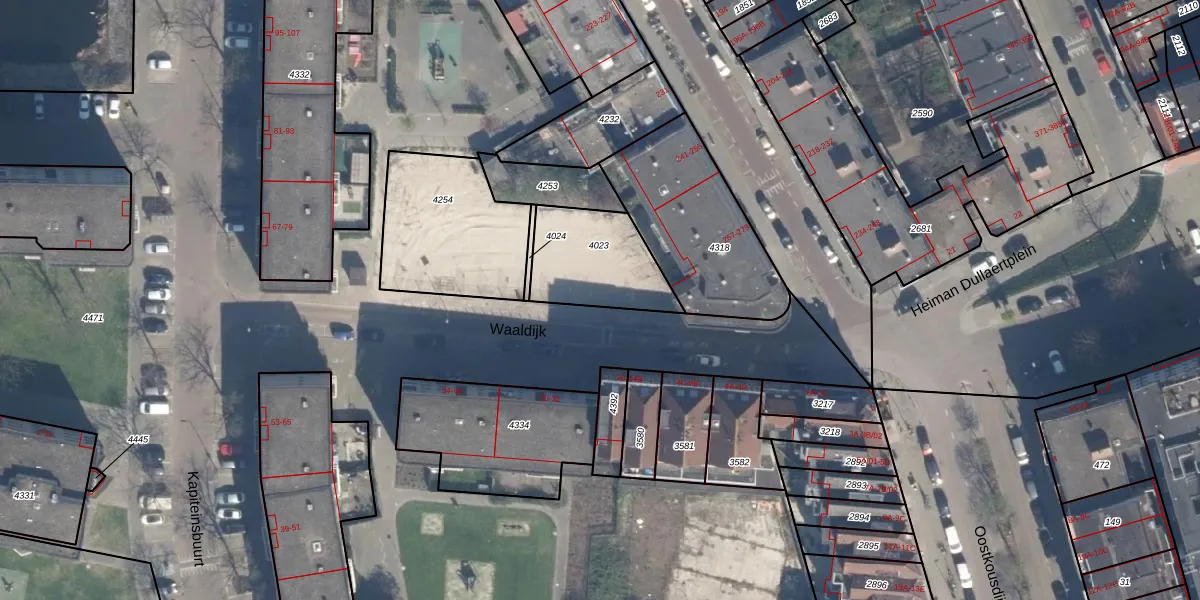 Waaldijk 9 is gelegen op kadastraal perceel DHV00A4023. Deze kadastrale aanduiding is uniek en wordt gebruikt door het Kadaster om eigendomsrechten en andere zakelijke rechten vast te leggen. Het perceel maakt onderdeel uit van de kadastrale gemeente Delfshaven.
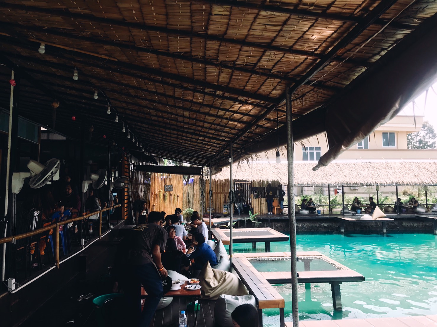 มีที่นั่งตาข่าย ยื่นลงไปในสระน้ำด้วย แต่ควรจะเป็นตอนเย็นๆจะชิลล์ และถ่ายรูปสวยมาก ถ้าตอนกลางวันจนถึงบ่ายจะร้อนมากเช่นกัน
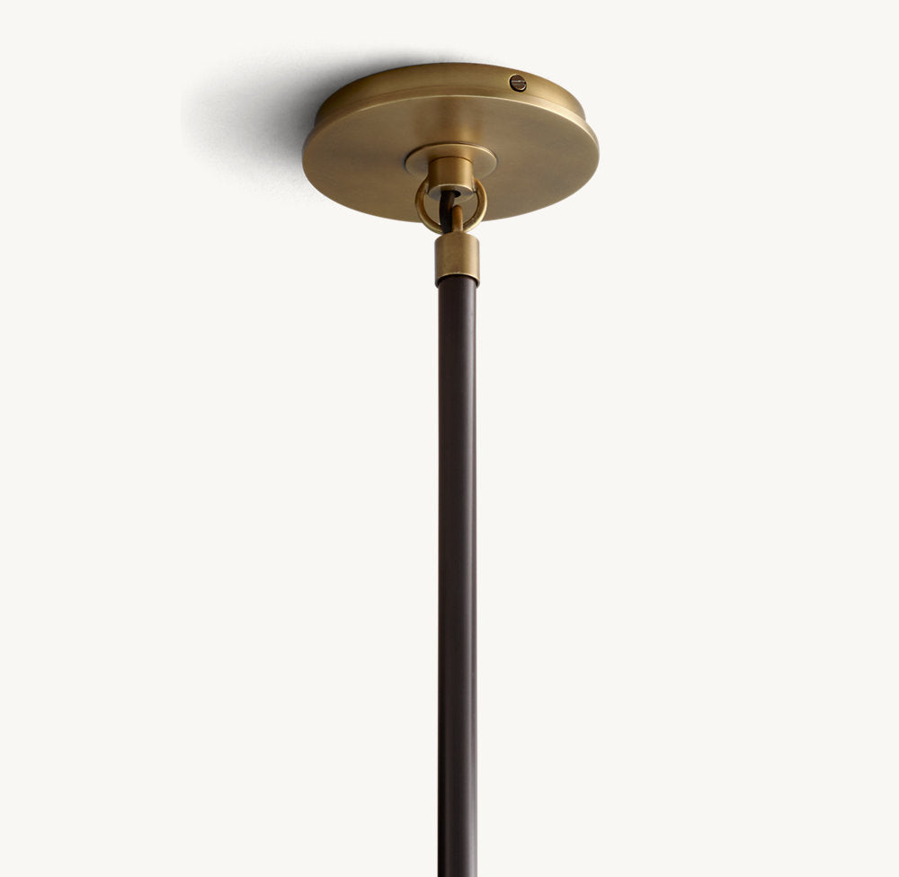 Inspired by 1940s industrialism, our globe chandelier's lines and spheres are reminiscent of an urban subway map. Eight glass shades are joined by metal tubing and carefully balanced on vertical threaded rods.
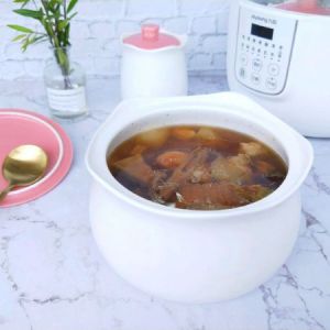 到最后15分钟左右的时候加入鲜鸡汁和少许盐调味。时间到就可以端出来,营养丰富的排骨汤就做好了。
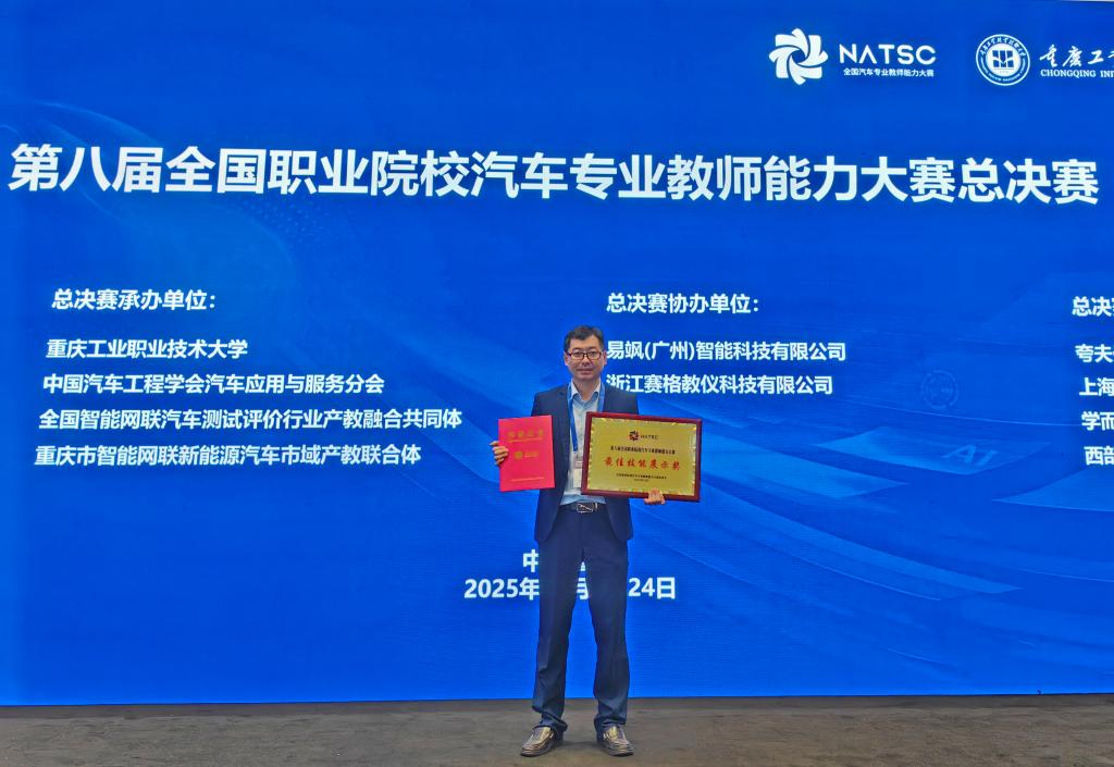 近日,第八届全国职业院校汽车专业教师能力大赛总决赛在重庆圆满落幕。学校汽车学院教师郭彬凭借扎实的专业技能与出色的现场表现,在课程思政专项赛中斩获全国金奖,同时获评总决赛“最佳技能展示奖”。

☆ ☆ ☆ ☆ ☆

Assignment: Repeat the preceding records exactly but drop the images.

Completed task:
 Waaldijk 9 is gelegen op kadastraal perceel DHV00A4023. Deze kadastrale aanduiding is uniek en wordt gebruikt door het Kadaster om eigendomsrechten en andere zakelijke rechten vast te leggen. Het perceel maakt onderdeel uit van de kadastrale gemeente Delfshaven.
 มีที่นั่งตาข่าย ยื่นลงไปในสระน้ำด้วย แต่ควรจะเป็นตอนเย็นๆจะชิลล์ และถ่ายรูปสวยมาก ถ้าตอนกลางวันจนถึงบ่ายจะร้อนมากเช่นกัน
 Inspired by 1940s industrialism, our globe chandelier's lines and spheres are reminiscent of an urban subway map. Eight glass shades are joined by metal tubing and carefully balanced on vertical threaded rods.
 到最后15分钟左右的时候加入鲜鸡汁和少许盐调味。时间到就可以端出来,营养丰富的排骨汤就做好了。
 近日,第八届全国职业院校汽车专业教师能力大赛总决赛在重庆圆满落幕。学校汽车学院教师郭彬凭借扎实的专业技能与出色的现场表现,在课程思政专项赛中斩获全国金奖,同时获评总决赛“最佳技能展示奖”。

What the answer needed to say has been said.